The feature maps and the data distribution suggest the Support Vector Machine (SVM) as a binary classifier because a linear function is unable to separate the data without extra conditioning. This classifier can be trained with different kernels such as polynomial, sigmoidal, linear, and Gaussian functions with a radial basis [37]. For this work, Gaussian Radial Basis Function (GRBF) kernels were used, which are widely applied in practice for classification processes. The GRBF kernels of two samples, $\mathbf{x}\in \mathbb{R}$ and ${\mathbf{x}}^{\prime }$, can be defined as:

$$k_{\sigma }(\mathbf{x},{\mathbf{x}}^{\prime })=exp\left(-\frac{{|\mathbf{x}-{\mathbf{x}}^{\prime }|}^2}{2{\sigma }^2}\right)$$

(22)

where $\left|\right|$ is the Euclidean ($L_2$ norm) distance, and $\sigma$ is the variance of our hyperparameter.

Then, an SVM could be implemented. Section 2.1 describes in detail the performance of the SVM. In this phase, the objective was to construct a hyperplane that minimizes and estimates h by using $\widehat{h}=R^2{\left|\right|w\left|\right|}^2+1$, where R is the diameter of the smallest sphere and $\left|\right|w\left|\right|$ is the Euclidean weight vector standard. Therefore, an SVM that correctly classifies different classes minimizes the value of confidence intervals $\Gamma$ and $\widehat{h}$ based on different values of $\sigma$. For this study, where four positions were identified, different blocks of binary classifiers SVM_N, where $N=6$, were built for both image sets $S_1$ and $S_2$. Therefore, the SVM_N classifiers compare the classes $P_1$ vs. $P_2$, $P_1$ vs. $P_3$, $P_1$ vs. $P_4$, $P_2$ vs. $P_3$, $P_2$ vs. $P_4$, and $P_3$ vs. $P_4$, respectively.

The training and validation processes were developed by using different cores, and the best result was obtained with the Gaussian Radial Basis Function.

Table 4. Support Vector Machines for the selection of the SVM.

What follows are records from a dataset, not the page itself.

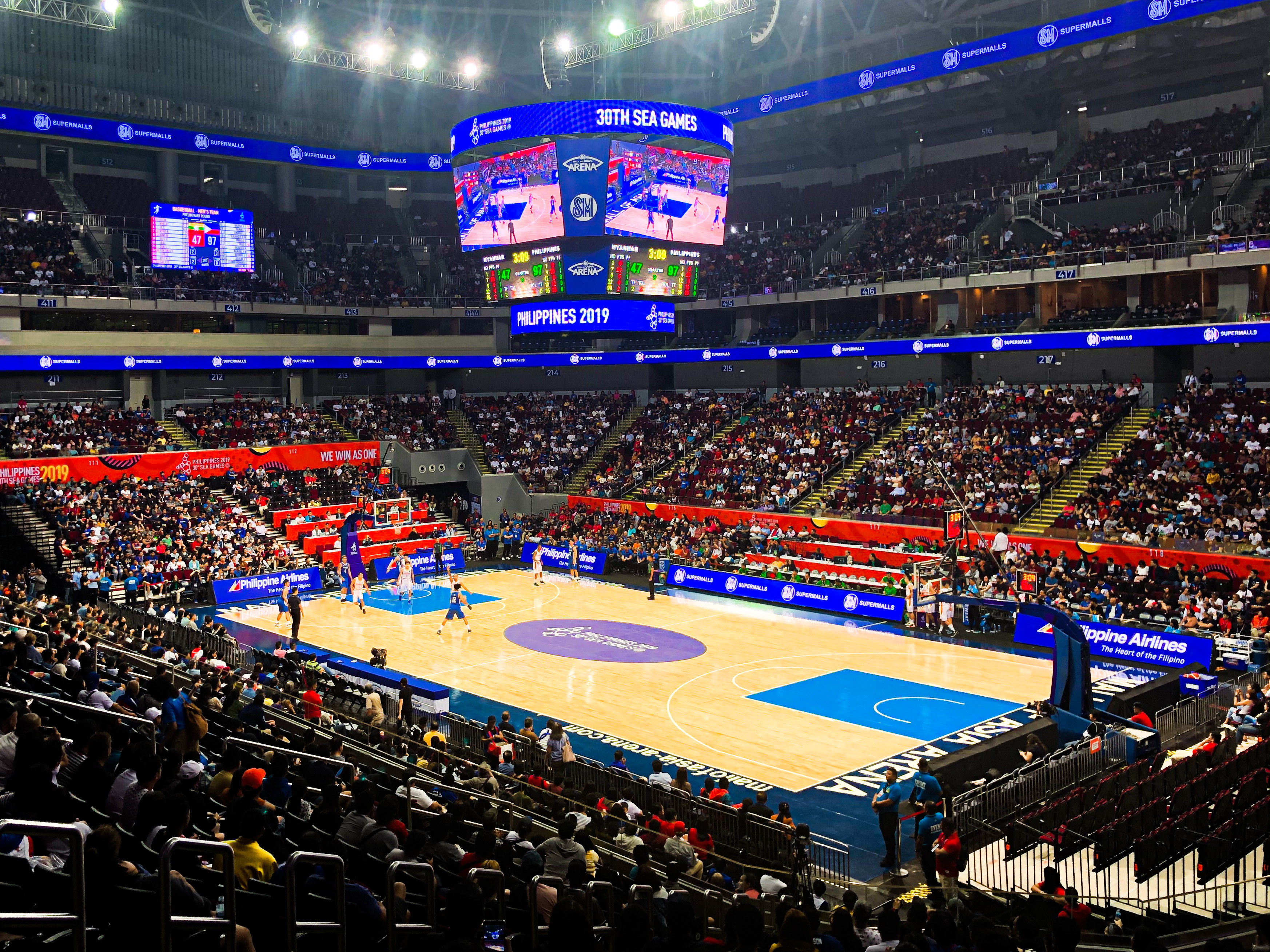 The Mall of Asia Arena during the 2019 Southeast Asian Games 5x5 Basketball Tournament.
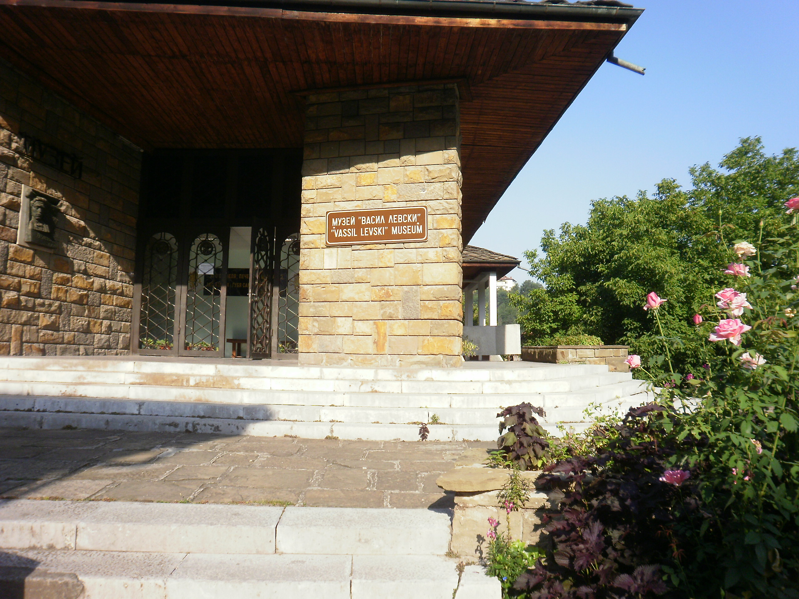 Museum of Vasil Levski, Lovech
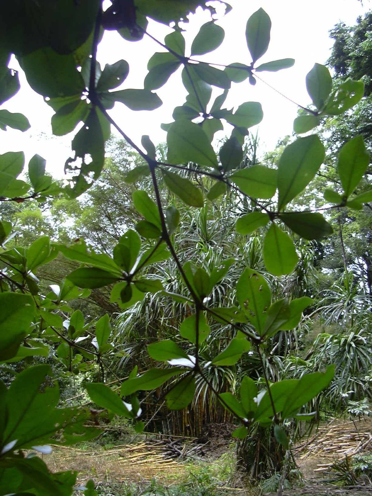 Bucida buceras (habit). Location: Maui, Keanae Arboretum
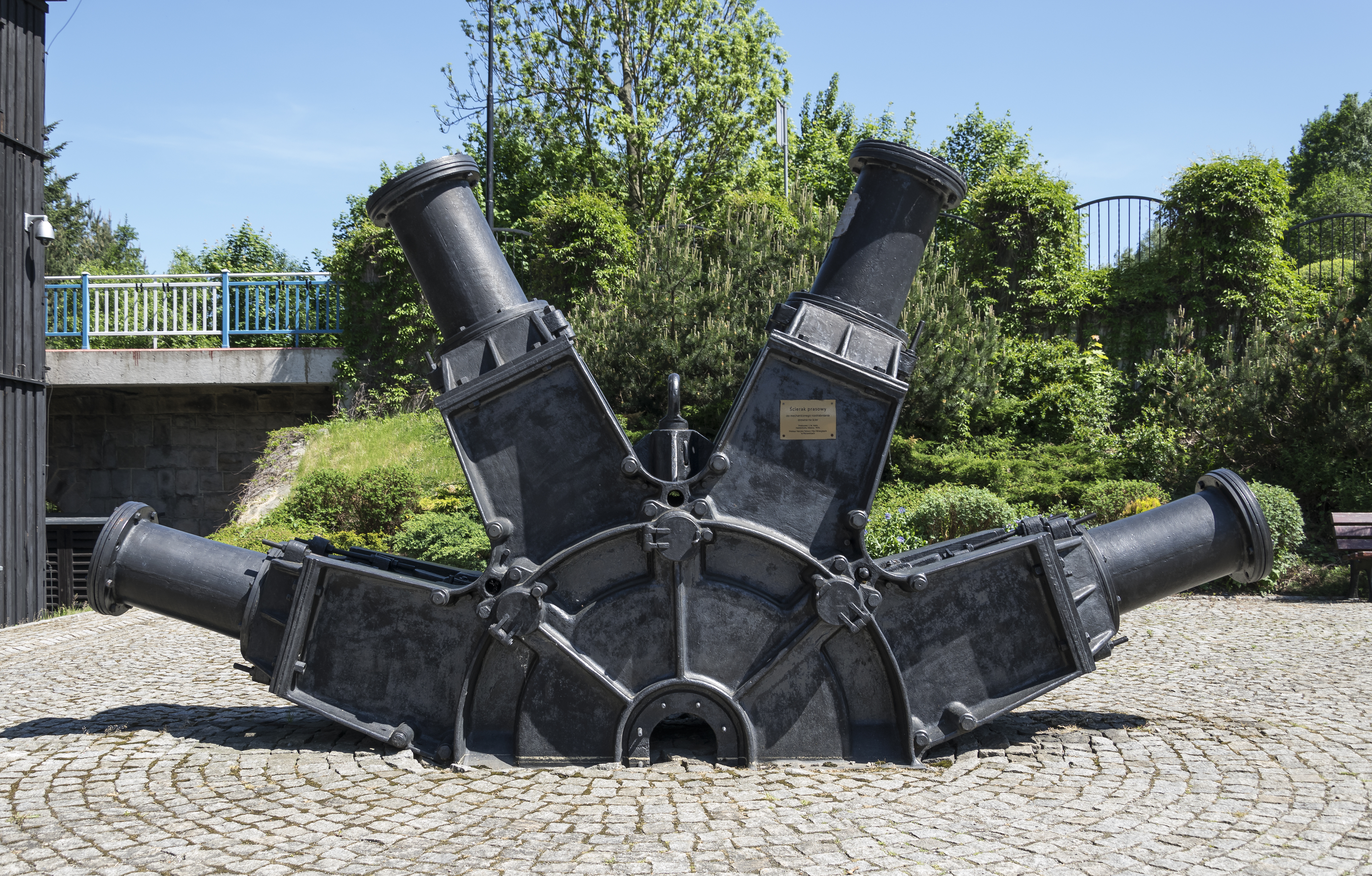 Museum of Papermaking in Duszniki-Zdrój, press crusher

SVMs	$\mathit{\sigma }$	${\mathit{R}}^2$	hest	Γ	${\left|\right|\mathit{w}\left|\right|}^2$
SVM1	1	0.976	41.00	4.214	42.00
SVM1	7	0.9584	34.52	3.903	36.01
SVM2	5	0.9691	33.62	3.857	34.69
SVM2	3	0.9726	35.55	3.955	36.55
SVM3	3	0.9723	35.49	3.952	36.51
SVM3	6	0.9450	33.42	3.847	35.37
SVM4	4	0.9709	33.33	3.842	34.33
SVM4	7	0.9459	18.02	2.917	19.05
SVM5	8	0.9359	18.23	2.932	19.47
SVM5	4	0.9671	31.13	3.727	32.20
SVM6	10	0.8985	15.41	2.719	17.15
SVM6	9	0.9136	11.62	2.394	12.72

presents the measures of the training results. For the hyperplane, the minimum values of $\Gamma$ reached are shown with their respective values of $\sigma$. The maximum values of $R^2$, $\widehat{h}$, $\Gamma$, and ${\left|\right|w\left|\right|}^2$ are achieved by the SVM₁ with $\sigma =1$. Despite the values collected in Table 4 being the minimum obtained by $\Gamma$, not all SVMs are suitable for classification, and an efficiency evaluation is required.

In Figure 5, the graphs of two 2D and 3D hyperplanes are shown with different features in pairs of the features vectors. For illustration purposes, these figures present the binary classification of data in position $P_1$ versus $P_2$. Features such as SOSVH_S and IDMNC_V for data in $P_1$ and $P_3$ are described. Figure 5a contains the hyperplane in which the training data are of $P_1$ on the surface of the 3D hyperplane, and the underside of the 3D hyperplane in Figure 5b is the training data of $P_2$. A 2D hyperplane is shown in Figure 5c to show the separation between the training data in both classes.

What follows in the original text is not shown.